A SCHOOL mascot has joined a team of explorers led by Sir Ranulph Fiennes who will endure a six month trek across Antarctica.

Staff and pupils at St Mary's Catholic Primary School, Newton Aycliffe, County Durham, gave a small woollen mouse to the team.

The exploration team will carry the mouse on the Coldest Journey tour, which started today (December 6).

Headteacher Barbara Reilly-O'Donnell said: “The whole thing began when Durham County Council began to put together an educational pack for schools to use alongside the trek.

“One of the school’s teachers, Debra Hargreaves, was involved with this. The children were interested in the scheme and they wrote stories about the expedition.
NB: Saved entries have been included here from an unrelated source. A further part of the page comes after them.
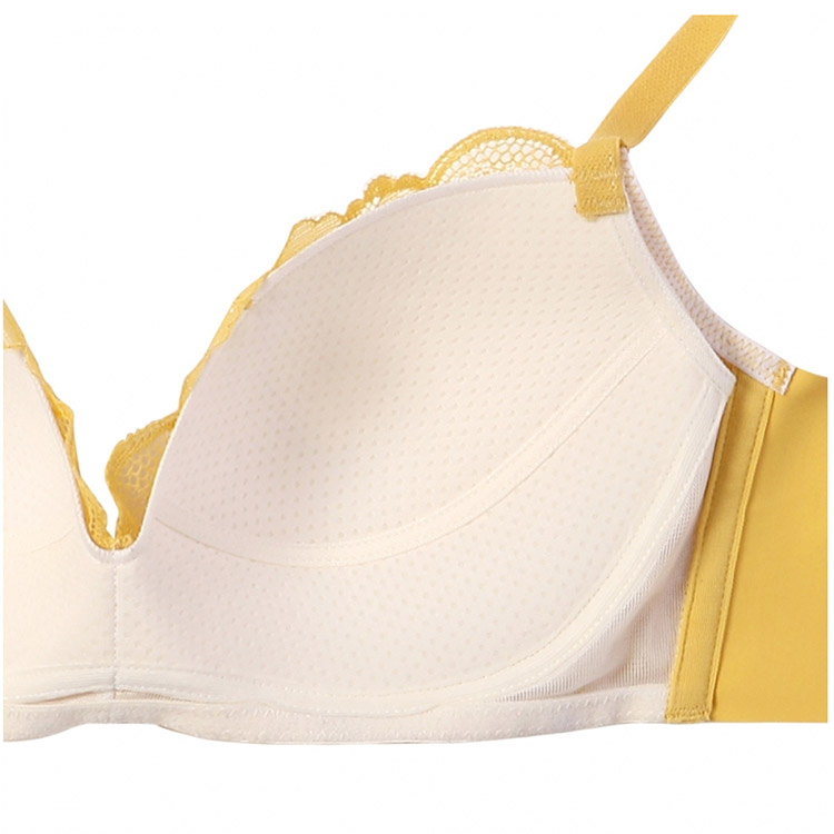 高いパターンなのでバストを寄せてサポートするのでノンワイヤーでも安定感のある着けごこちです。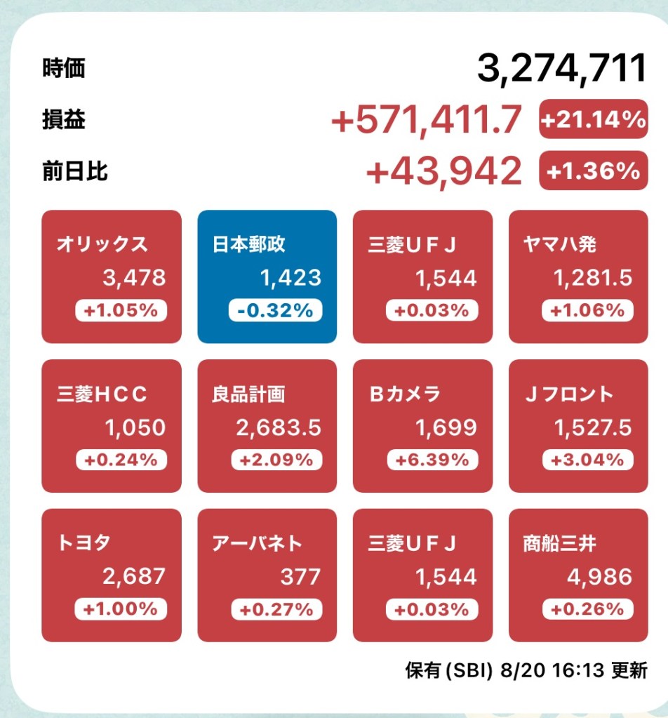 株メモ20240820 投稿者:volumeV62024年8月20日カテゴリー:株タグ:#投資 #株 #決算日 #株主 #株主優待 #SBI証券 今日は強かったですねー! 私は朝から皮膚科に行ってましたが。 健康大事です。 そんな今日のPF 以下は雑誌ダイヤモンドで見つけた切り抜き。 共有: X で共有 (新しいウィンドウで開きます) X Facebook で共有 (新しいウィンドウで開きます) Facebook いいね 読み込み中…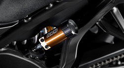 Nova preokrenuta prednja vilica marke KYB od 43 mm u potpunosti je redizajnirana i sada ima posebne prilagodnike za prigušivanje poskakivanja i kompresije na lijevoj i desnoj cijevi vilice. Svaka se može zasebno ugoditi, na desnoj cijevi prigušiti poskakivanje, a na lijevoj kompresiju, kako pri velikim brzinama tako i pri malim brzinama. Stražnji amortizer može se prilagoditi za predopterećenje, prigušivanje poskakivanja, prigušivanje kompresije i visinu vozača. Novi raspored pridonosi vrlo preciznom prigušenju, pružajući bolju povratnu informaciju sa staze ili površine ceste.
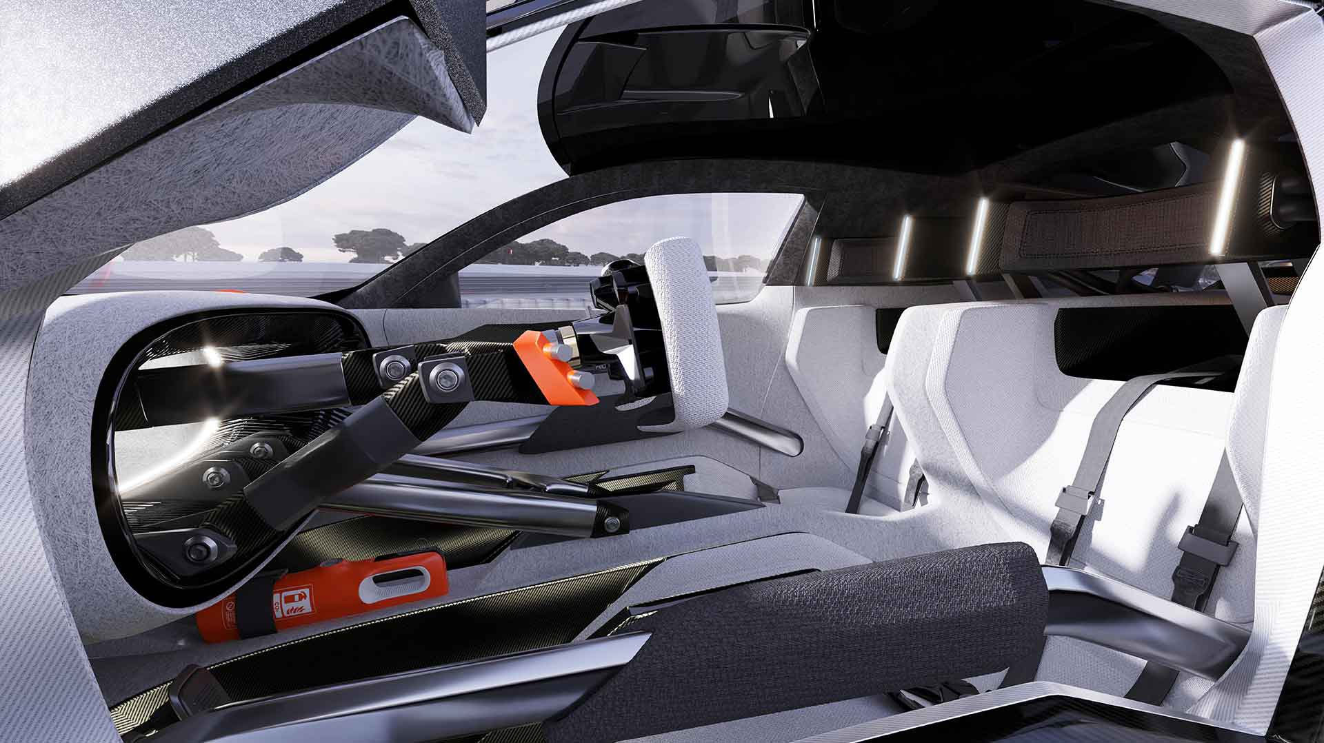 Συνολικά το εσωτερικό αποτελεί μια φουτουριστική ερμηνεία ενός «γυμνού» αγωνιστικού αυτοκινήτου, με οθόνες που δείχνουν μόνο τις βασικές πληροφορίες.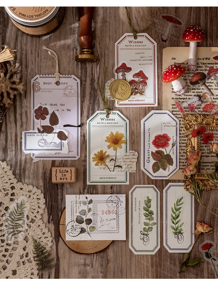 JIANWU 40 шт. наклейки для животных с природным цветком, винтажная ...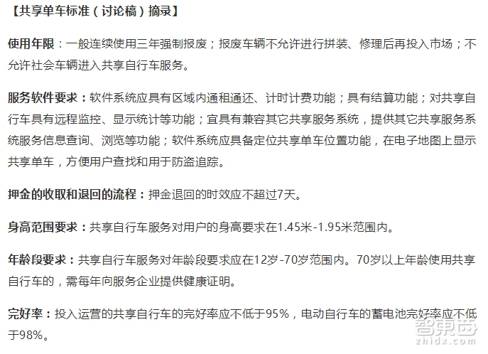 而日前在上海出炉的首个共享单车团体标准(讨论稿)也部分坐实了该行业人士的说法。这个由上海质检局联合自行车行业协会共同出台的标准,在目前看来对所有共享单车平台都是当头一棒,它对共享单车提出了远超出现在行业设想的要求: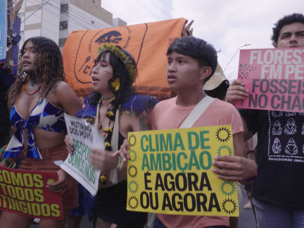 MARÍA INÉS TARACENA: Estamos en las calles de Belém, donde se celebra la cumbre climática de la ONU. Estamos a la mitad de las negociaciones del CO30. Es sábado. Miles de personas han salido a las calles exigiendo una acción climática urgente. Hablamos con varios de ellos.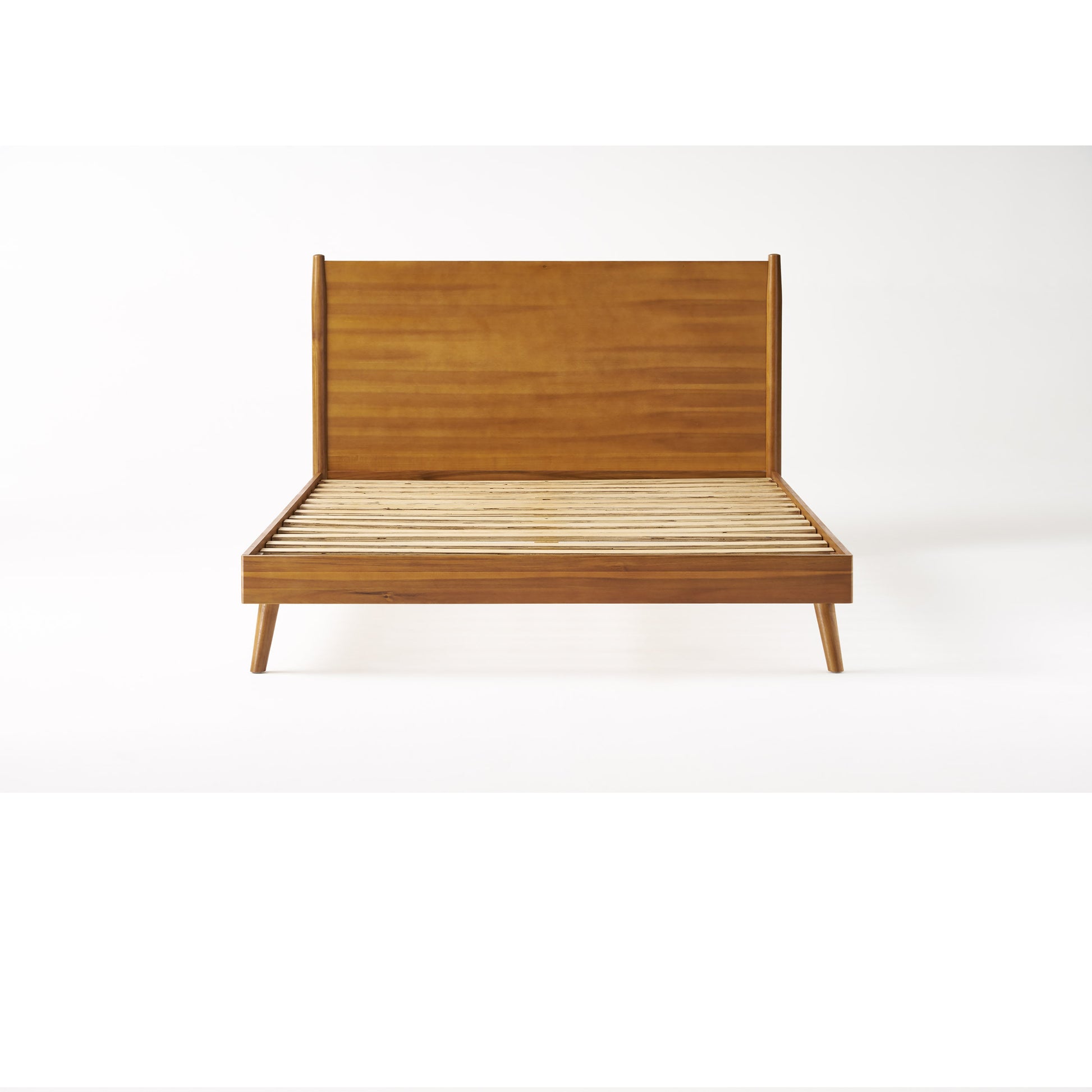 - As if our mattress weren't cool enough, now you can elevate your bedroom set-up with the mid-century collection bed. With a sleek design and impeccable craftsmanship, this bed features iconic splayed legs and a wood foundation that is built to last. Showcasing a beautiful natural finish, our bed set will have you rising from your sheets in the morning with a refreshing style. So put your worries to bed because the timeless look of this bed frame will suit anyone's style.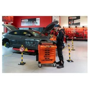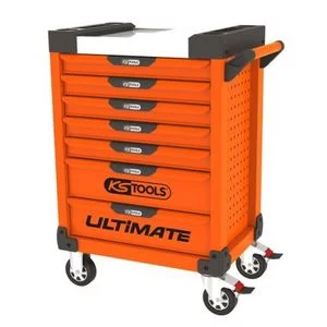 Servante ultimate 7 tiroirs orange équipée de 45 outils isolés.

“We discovered that one of Captain Robert Scott’s team carried a small mascot penguin on his ill fated trip to the South Pole in 1912.

“So the children wrote to the explorers inviting them to carry a 15cm high woollen copy of the school’s mascot.

“The grandmother of pupil Serenna Kennedy made the woollen mouse which has a Duffel coat and skis.

“We’re absolutely thrilled that they are taking the mouse across the Antarctic. We’re not sure what will happen to the mouse at the end of the journey."

The explorers left London today on the SA Agulhas and will travel across the Antarctic in temperatures of minus 70C during the trek.

Mrs Reilly-O'Donnell, Mrs Hargreaves and pupils Mia Brewster and Nicolas Salmon, both eight, met the explorers in London to hand over the mascot.